While some instances of unilateral ringing may resolve on their own, certain symptoms warrant medical evaluation. Consult a healthcare professional if the ringing in one ear has a sudden onset, especially if accompanied by sudden hearing loss. Other concerning “red flag” symptoms include associated dizziness, vertigo, or issues with balance.

Facial numbness, weakness, or changes in facial sensation on the same side as the tinnitus require medical attention. If the ringing is pulsatile, meaning it beats in time with your heartbeat, this requires evaluation to rule out vascular conditions. Persistent or worsening unilateral tinnitus, even without other severe symptoms, also warrants a medical assessment to identify any treatable underlying conditions.

Approaches to Management

Once a diagnosis for unilateral ringing is established, management strategies focus on addressing the underlying cause. For instance, if earwax impaction is the cause, professional earwax removal can alleviate symptoms. If an infection is identified, appropriate medical treatment, such as antibiotics, would be prescribed. In cases where a specific cure for the underlying condition is not available, such as with some forms of hearing loss or Ménière’s disease, symptomatic management becomes the primary approach.

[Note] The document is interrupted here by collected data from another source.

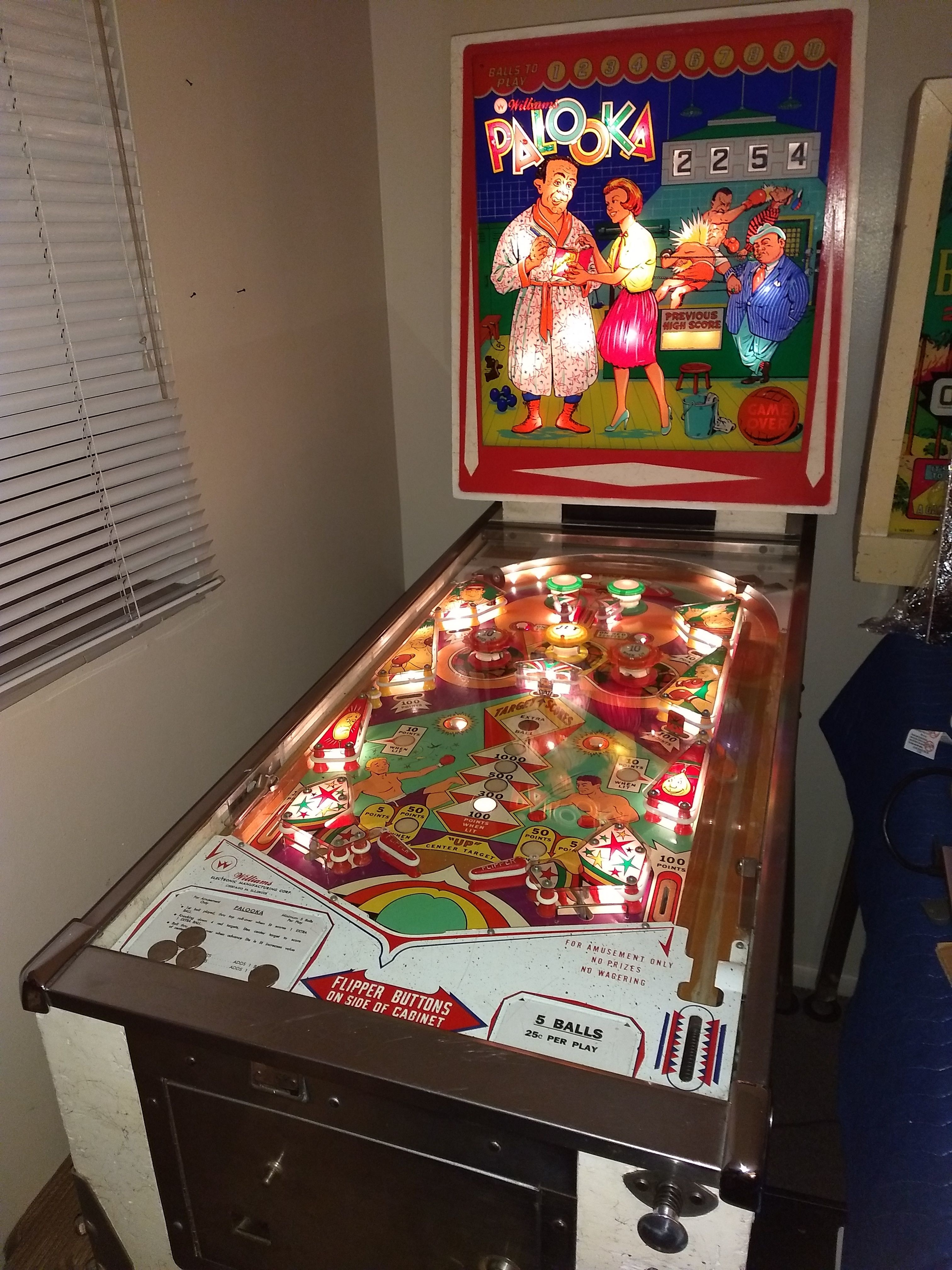 The Palooka pinball machine, released by Williams Electronic Games in April 1964, is themed around boxing and was designed by Steve Kordek, with artwork by Art Stenholm. It was inspired by the popular Joe Palooka comic strip, which followed the adventures of a heavyweight boxing champion.
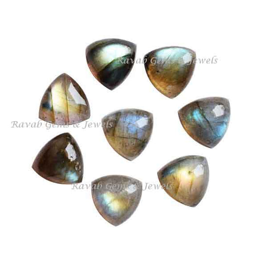 Natural Flashy Labradorite Trillion Shape, Cabochon, Loose Gemstone, Calibrated Smooth Semi Precious Stone For Jewelry Making 5 Pc
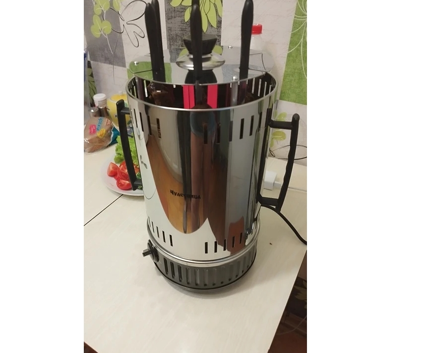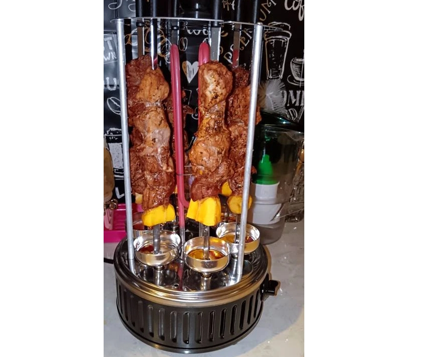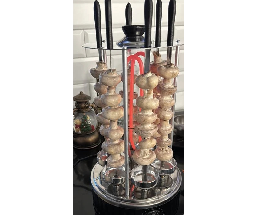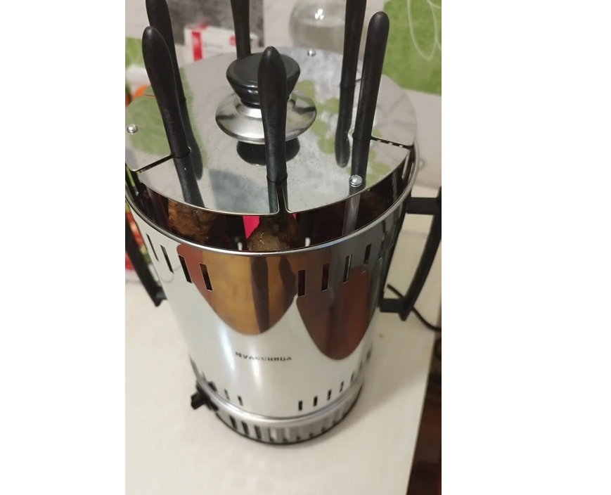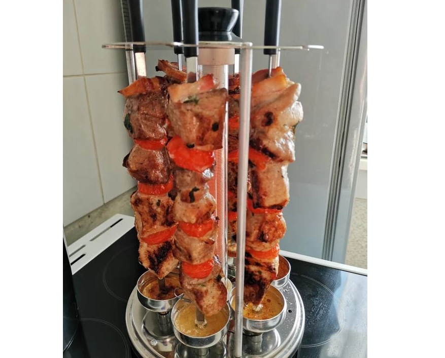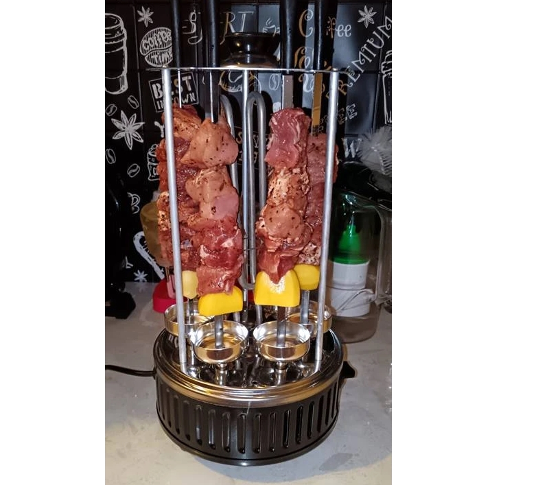 Sadzīves elektriskais vertikālais šašlika grils, kas paredzēts gaļas, zivju un dārzeņu cepšanai uz iesmiem telpās.

Sound therapy is a common technique, using external sounds like white noise or maskers to distract from or cover the perception of tinnitus. Hearing aids can also be beneficial, especially if there is associated hearing loss, as amplifying external sounds can make the tinnitus less noticeable. Cognitive behavioral therapy (CBT) can assist individuals in coping with the distress and impact of tinnitus on their daily lives by changing their reaction to the sound.

Lifestyle adjustments can also play a role in managing tinnitus symptoms. These may include stress reduction techniques, as stress can exacerbate tinnitus. Maintaining a healthy diet, ensuring adequate sleep, and regular exercise can contribute to overall well-being and potentially reduce the impact of tinnitus. Avoiding exposure to loud noises and protecting the ears can also prevent worsening symptoms.